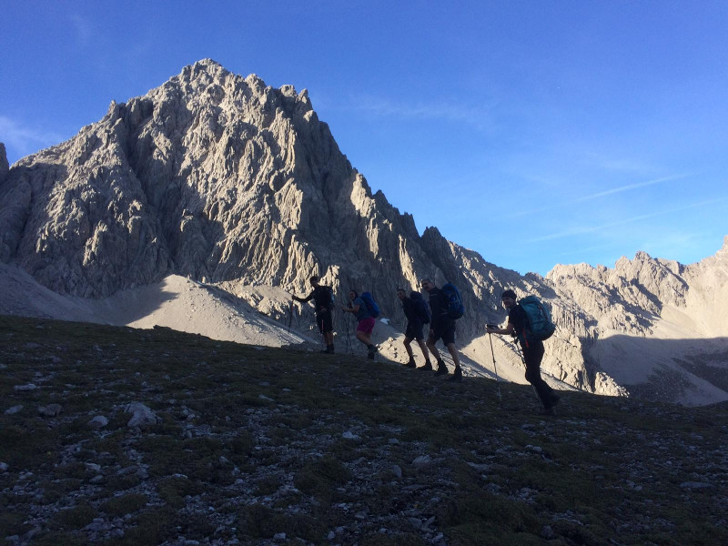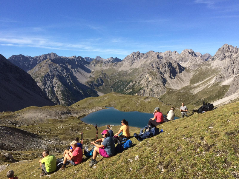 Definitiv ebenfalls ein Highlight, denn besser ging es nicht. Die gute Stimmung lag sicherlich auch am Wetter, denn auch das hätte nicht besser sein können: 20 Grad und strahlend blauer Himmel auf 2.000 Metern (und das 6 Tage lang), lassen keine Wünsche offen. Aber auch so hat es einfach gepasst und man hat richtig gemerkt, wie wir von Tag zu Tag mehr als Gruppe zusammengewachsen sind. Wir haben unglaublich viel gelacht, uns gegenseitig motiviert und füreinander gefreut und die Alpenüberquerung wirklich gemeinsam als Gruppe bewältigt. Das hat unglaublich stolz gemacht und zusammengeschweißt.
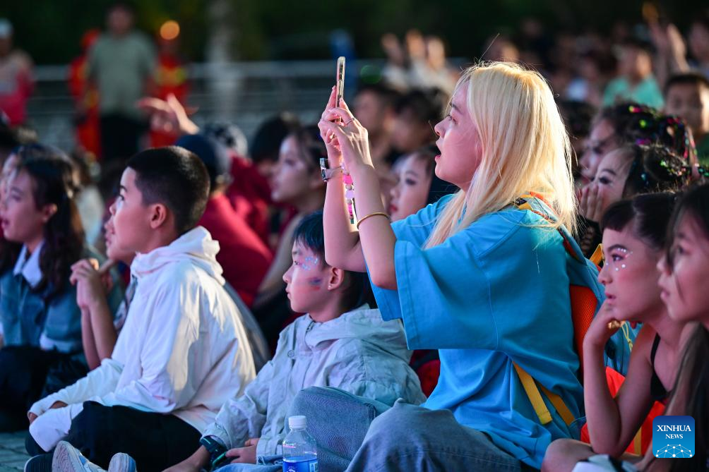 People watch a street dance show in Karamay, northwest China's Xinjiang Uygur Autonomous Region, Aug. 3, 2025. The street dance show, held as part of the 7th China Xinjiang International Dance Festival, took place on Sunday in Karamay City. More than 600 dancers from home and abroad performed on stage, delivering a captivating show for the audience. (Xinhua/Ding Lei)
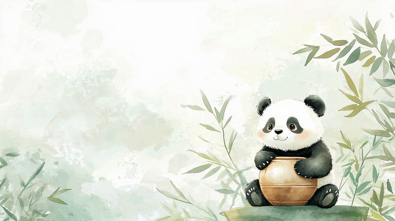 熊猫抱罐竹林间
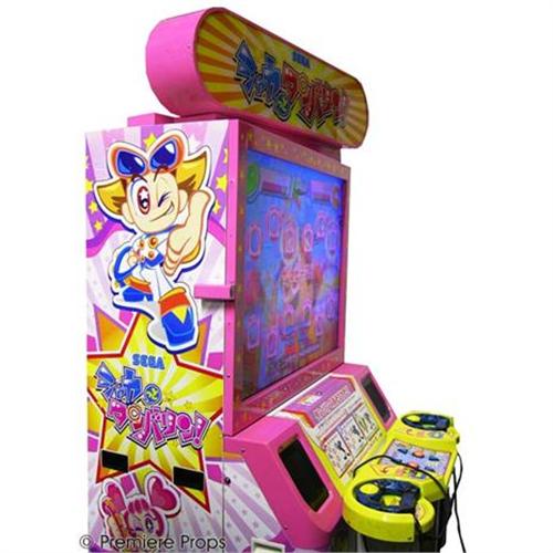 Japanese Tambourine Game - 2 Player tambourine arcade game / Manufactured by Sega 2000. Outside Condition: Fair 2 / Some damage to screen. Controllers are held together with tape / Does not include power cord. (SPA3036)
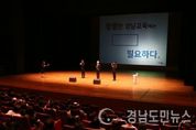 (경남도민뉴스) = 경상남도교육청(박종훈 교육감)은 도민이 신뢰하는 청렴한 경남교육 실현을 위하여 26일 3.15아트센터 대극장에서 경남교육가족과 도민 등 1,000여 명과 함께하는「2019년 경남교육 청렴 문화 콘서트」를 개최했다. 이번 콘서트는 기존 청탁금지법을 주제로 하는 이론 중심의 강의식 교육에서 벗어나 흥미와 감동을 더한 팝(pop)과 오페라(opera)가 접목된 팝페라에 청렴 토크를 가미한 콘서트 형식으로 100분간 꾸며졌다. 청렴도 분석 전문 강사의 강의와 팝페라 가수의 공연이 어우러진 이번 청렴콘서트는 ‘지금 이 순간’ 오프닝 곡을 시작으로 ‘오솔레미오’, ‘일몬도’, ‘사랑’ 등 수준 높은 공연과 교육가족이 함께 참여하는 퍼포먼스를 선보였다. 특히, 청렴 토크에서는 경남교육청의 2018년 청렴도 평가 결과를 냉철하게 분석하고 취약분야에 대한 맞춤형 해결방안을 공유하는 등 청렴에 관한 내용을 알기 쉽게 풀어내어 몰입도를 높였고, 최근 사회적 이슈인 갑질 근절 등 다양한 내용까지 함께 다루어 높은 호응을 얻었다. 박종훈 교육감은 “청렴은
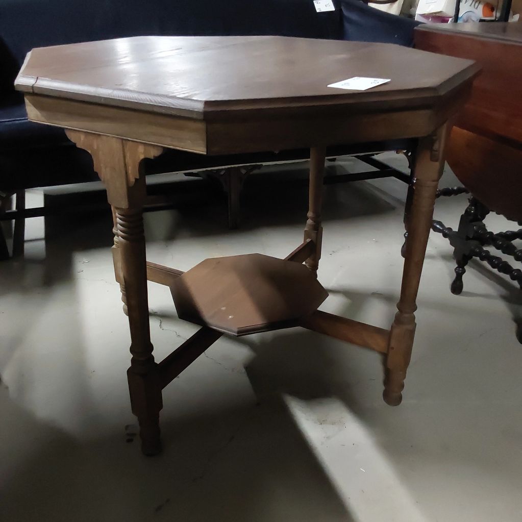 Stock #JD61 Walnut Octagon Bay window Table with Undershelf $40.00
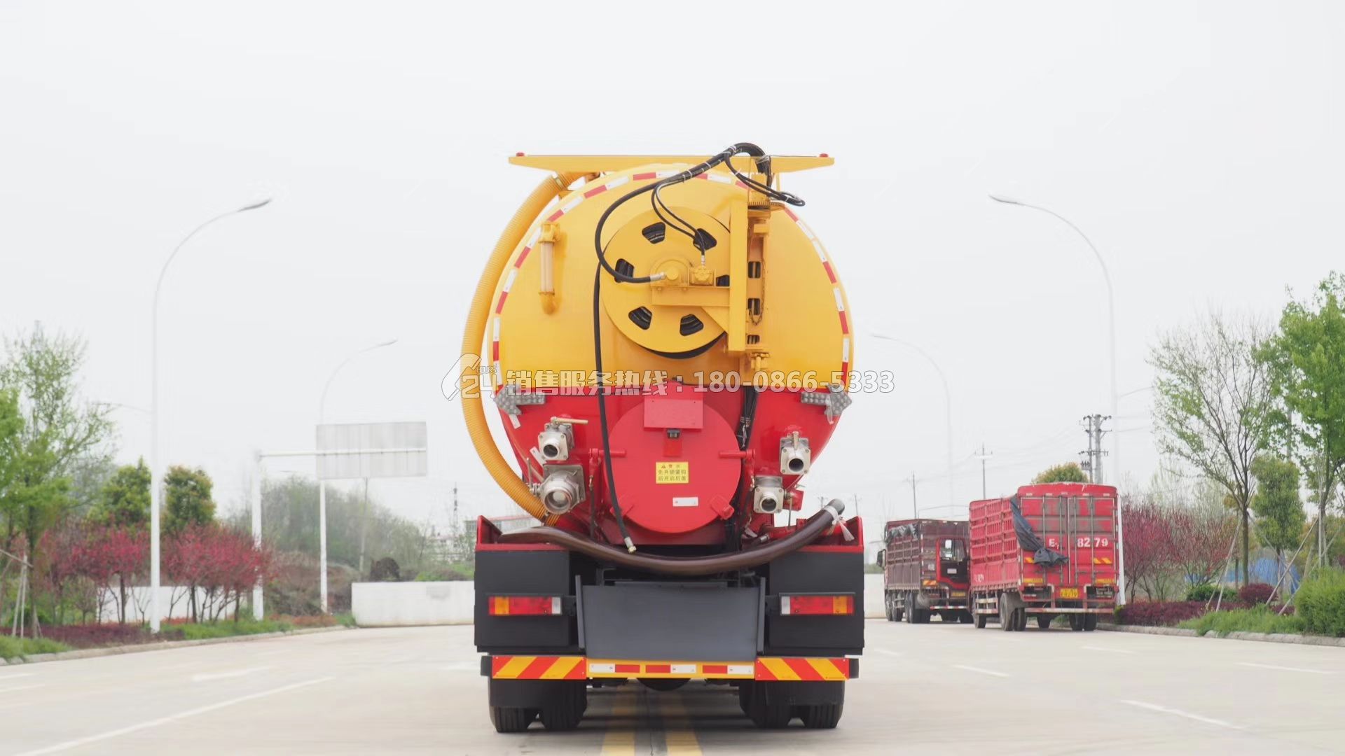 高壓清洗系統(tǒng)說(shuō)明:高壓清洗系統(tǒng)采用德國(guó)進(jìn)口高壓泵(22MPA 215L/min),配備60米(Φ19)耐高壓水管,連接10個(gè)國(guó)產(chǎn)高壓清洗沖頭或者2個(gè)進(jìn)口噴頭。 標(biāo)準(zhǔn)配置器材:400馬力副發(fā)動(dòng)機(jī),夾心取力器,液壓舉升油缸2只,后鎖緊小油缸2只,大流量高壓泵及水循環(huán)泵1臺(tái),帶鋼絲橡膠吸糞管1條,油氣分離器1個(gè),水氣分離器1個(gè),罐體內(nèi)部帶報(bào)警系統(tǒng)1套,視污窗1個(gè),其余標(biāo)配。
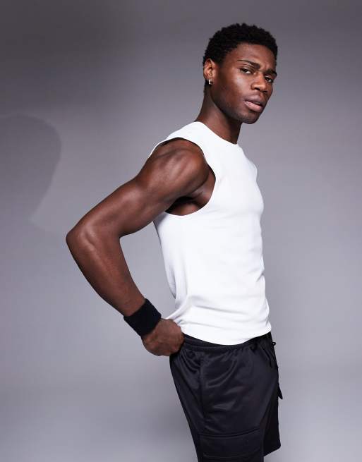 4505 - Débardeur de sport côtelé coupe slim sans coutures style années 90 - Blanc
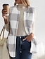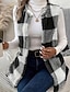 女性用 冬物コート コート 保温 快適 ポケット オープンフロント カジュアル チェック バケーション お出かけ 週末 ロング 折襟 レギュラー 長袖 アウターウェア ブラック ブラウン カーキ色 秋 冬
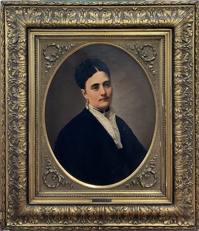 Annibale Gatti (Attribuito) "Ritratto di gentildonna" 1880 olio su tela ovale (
···
■ Problem statement: Drop the pictures and reproduce the rest of the data exactly.

■ Completed task:
 Definitiv ebenfalls ein Highlight, denn besser ging es nicht. Die gute Stimmung lag sicherlich auch am Wetter, denn auch das hätte nicht besser sein können: 20 Grad und strahlend blauer Himmel auf 2.000 Metern (und das 6 Tage lang), lassen keine Wünsche offen. Aber auch so hat es einfach gepasst und man hat richtig gemerkt, wie wir von Tag zu Tag mehr als Gruppe zusammengewachsen sind. Wir haben unglaublich viel gelacht, uns gegenseitig motiviert und füreinander gefreut und die Alpenüberquerung wirklich gemeinsam als Gruppe bewältigt. Das hat unglaublich stolz gemacht und zusammengeschweißt.
 People watch a street dance show in Karamay, northwest China's Xinjiang Uygur Autonomous Region, Aug. 3, 2025. The street dance show, held as part of the 7th China Xinjiang International Dance Festival, took place on Sunday in Karamay City. More than 600 dancers from home and abroad performed on stage, delivering a captivating show for the audience. (Xinhua/Ding Lei)
 熊猫抱罐竹林间
 Japanese Tambourine Game - 2 Player tambourine arcade game / Manufactured by Sega 2000. Outside Condition: Fair 2 / Some damage to screen. Controllers are held together with tape / Does not include power cord. (SPA3036)
 (경남도민뉴스) = 경상남도교육청(박종훈 교육감)은 도민이 신뢰하는 청렴한 경남교육 실현을 위하여 26일 3.15아트센터 대극장에서 경남교육가족과 도민 등 1,000여 명과 함께하는「2019년 경남교육 청렴 문화 콘서트」를 개최했다. 이번 콘서트는 기존 청탁금지법을 주제로 하는 이론 중심의 강의식 교육에서 벗어나 흥미와 감동을 더한 팝(pop)과 오페라(opera)가 접목된 팝페라에 청렴 토크를 가미한 콘서트 형식으로 100분간 꾸며졌다. 청렴도 분석 전문 강사의 강의와 팝페라 가수의 공연이 어우러진 이번 청렴콘서트는 ‘지금 이 순간’ 오프닝 곡을 시작으로 ‘오솔레미오’, ‘일몬도’, ‘사랑’ 등 수준 높은 공연과 교육가족이 함께 참여하는 퍼포먼스를 선보였다. 특히, 청렴 토크에서는 경남교육청의 2018년 청렴도 평가 결과를 냉철하게 분석하고 취약분야에 대한 맞춤형 해결방안을 공유하는 등 청렴에 관한 내용을 알기 쉽게 풀어내어 몰입도를 높였고, 최근 사회적 이슈인 갑질 근절 등 다양한 내용까지 함께 다루어 높은 호응을 얻었다. 박종훈 교육감은 “청렴은
 Stock #JD61 Walnut Octagon Bay window Table with Undershelf $40.00
 高壓清洗系統(tǒng)說(shuō)明:高壓清洗系統(tǒng)采用德國(guó)進(jìn)口高壓泵(22MPA 215L/min),配備60米(Φ19)耐高壓水管,連接10個(gè)國(guó)產(chǎn)高壓清洗沖頭或者2個(gè)進(jìn)口噴頭。 標(biāo)準(zhǔn)配置器材:400馬力副發(fā)動(dòng)機(jī),夾心取力器,液壓舉升油缸2只,后鎖緊小油缸2只,大流量高壓泵及水循環(huán)泵1臺(tái),帶鋼絲橡膠吸糞管1條,油氣分離器1個(gè),水氣分離器1個(gè),罐體內(nèi)部帶報(bào)警系統(tǒng)1套,視污窗1個(gè),其余標(biāo)配。
 4505 - Débardeur de sport côtelé coupe slim sans coutures style années 90 - Blanc
 女性用 冬物コート コート 保温 快適 ポケット オープンフロント カジュアル チェック バケーション お出かけ 週末 ロング 折襟 レギュラー 長袖 アウターウェア ブラック ブラウン カーキ色 秋 冬
 Annibale Gatti (Attribuito) "Ritratto di gentildonna" 1880 olio su tela ovale (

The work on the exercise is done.